1574346 – Move disk failed but delete was called on source sd, losing all the data

Bug 1574346 - Move disk failed but delete was called on source sd, losing all the data

Summary: Move disk failed but delete was called on source sd, losing all the data

Keywords:
Status:	CLOSED ERRATA
Alias:	None
Product:	Red Hat Enterprise Virtualization Manager
Classification:	Red Hat
Component:	ovirt-engine
Sub Component:
Version:	4.1.9
Hardware:	x86_64
OS:	Linux
Priority:	urgent
Severity:	urgent
Target Milestone:	ovirt-4.3.0
Target Release:	4.3.0
Assignee:	Benny Zlotnik
QA Contact:	Kevin Alon Goldblatt
Docs Contact:
URL:
Whiteboard:
Depends On:
Blocks:	1585455
TreeView+	depends on / blocked

Reported:	2018-05-03 05:54 UTC by Germano Veit Michel
Modified:	2021-09-09 13:56 UTC (History)
CC List:	11 users (show)
Fixed In Version:	ovirt-engine-4.3.0_alpha
Doc Type:	If docs needed, set a value
Doc Text:
Clone Of:
Clones:	1585455 (view as bug list)
Environment:
Last Closed:	2019-05-08 12:37:35 UTC
oVirt Team:	Storage
Target Upstream Version:
Embargoed:

Attachments	(Terms of Use)

Links
System	ID	Priority	Status	Summary	Last Updated
Red Hat Product Errata	RHEA-2019:1085	None	None	None	2019-05-08 12:37:56 UTC
oVirt gerrit	91068	'None'	MERGED	core: mark child commands as failed if parent failed	2021-01-18 14:41:22 UTC
oVirt gerrit	91657	'None'	MERGED	core: mark child commands as failed if parent failed	2021-01-18 14:40:42 UTC
oVirt gerrit	91671	'None'	MERGED	core: use getTaskGroupSuccess instead of getSucceeded	2021-01-18 14:40:43 UTC

Description Germano Veit Michel 2018-05-03 05:54:06 UTC

Description of problem:

During a simultaneous cold move of several disks from SD 968889ce-61e9-4ec8-8d0c-f558e5bafca3 to 2c899223-3517-43fb-a70f-6bdeabeaa696, several images were lost.

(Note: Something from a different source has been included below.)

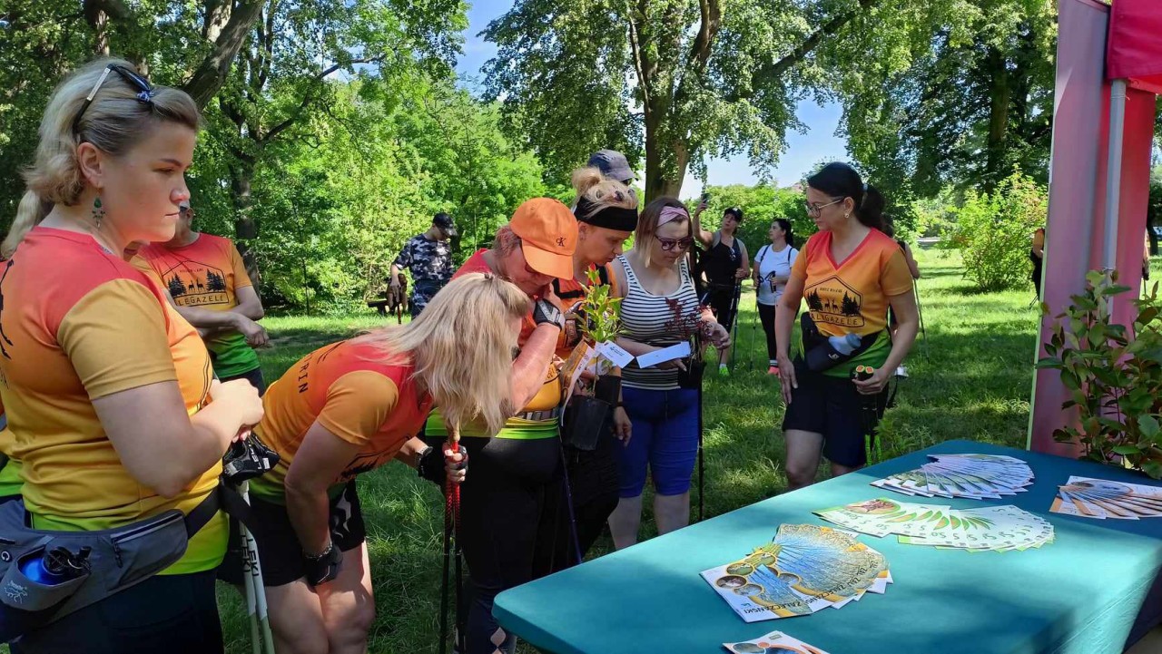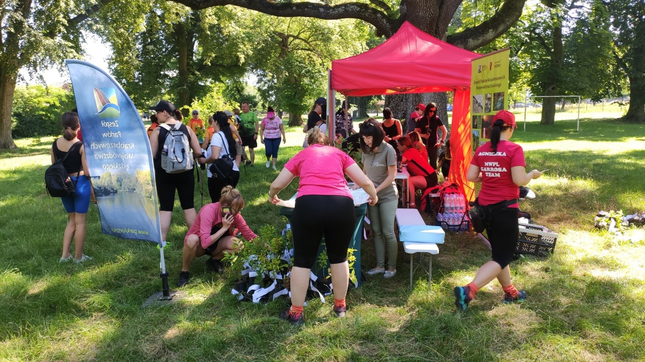 Po krótkiej rozgrzewce w parku dworskim, około 100-osobowa grupa wyruszyła w teren po najciekawszych i najcenniejszych przyrodniczo zakątkach doliny Warty. Około 10 – kilometrowa trasa była bardzo urozmaicona. Uczestnicy mogli podziwiać malowniczo wijącą się rzekę Wartę z wysokich brzegów doliny, starorzecze, schrony bojowe z okresu II wojny światowej, a także romański kościół pod wezwaniem św. Urszuli i jedenastu tysięcy dziewic. Na koniec, każdy piechur został uhonorowany pamiątkowym medalem. Na mecie czekał też słodki poczęstunek oraz ognisko i kiełbaski. Ponadto wręczone zostały nagrody za najlepszą technikę marszu. Dużym zainteresowaniem cieszyło się stoisko zorganizowane przez pracowników Oddziału Sieradzkich Parków Krajobrazowych, na którym promowaliśmy nasze parki, a także projekt „Owocowe łódzkie”. Nordic Walking Polska Garrosa Team Sieradz dziękujemy za współorganizację, a wszystkim uczestnikom rajdu za tak liczne przybycie. Zapraszamy ponownie.

For example, this is how volume 2a0183b3-4b44-4d78-bd53-7ba656575ff0 was lost:

1. Start MoveImageGroup

2018-04-24 20:41:59,462-07 INFO  [org.ovirt.engine.core.vdsbroker.irsbroker.MoveImageGroupVDSCommand] (org.ovirt.thread.pool-6-thread-48) [f8c1b451-718f-4daf-9d46-2ee4eb718d60] START, MoveImageGroupVDSCommand( MoveImageGroupVDSCommandParameters:{runAsync='true', storagePoolId='6c406fcc-ffdd-49b0-8c17-d351174eb09b', ignoreFailoverLimit='false', storageDomainId='968889ce-61e9-4ec8-8d0c-f558e5bafca3', imageGroupId='9d1ed754-e8f4-4169-920e-7706d906241b', dstDomainId='2c899223-3517-43fb-a70f-6bdeabeaa696', vmId='00000000-0000-0000-0000-000000000000', op='Copy', postZero='true', discard='false', force='false'}), log id: 126e5c36

2. Stuck, no progress, in ~10min, it seems it hit transaction reaper limit.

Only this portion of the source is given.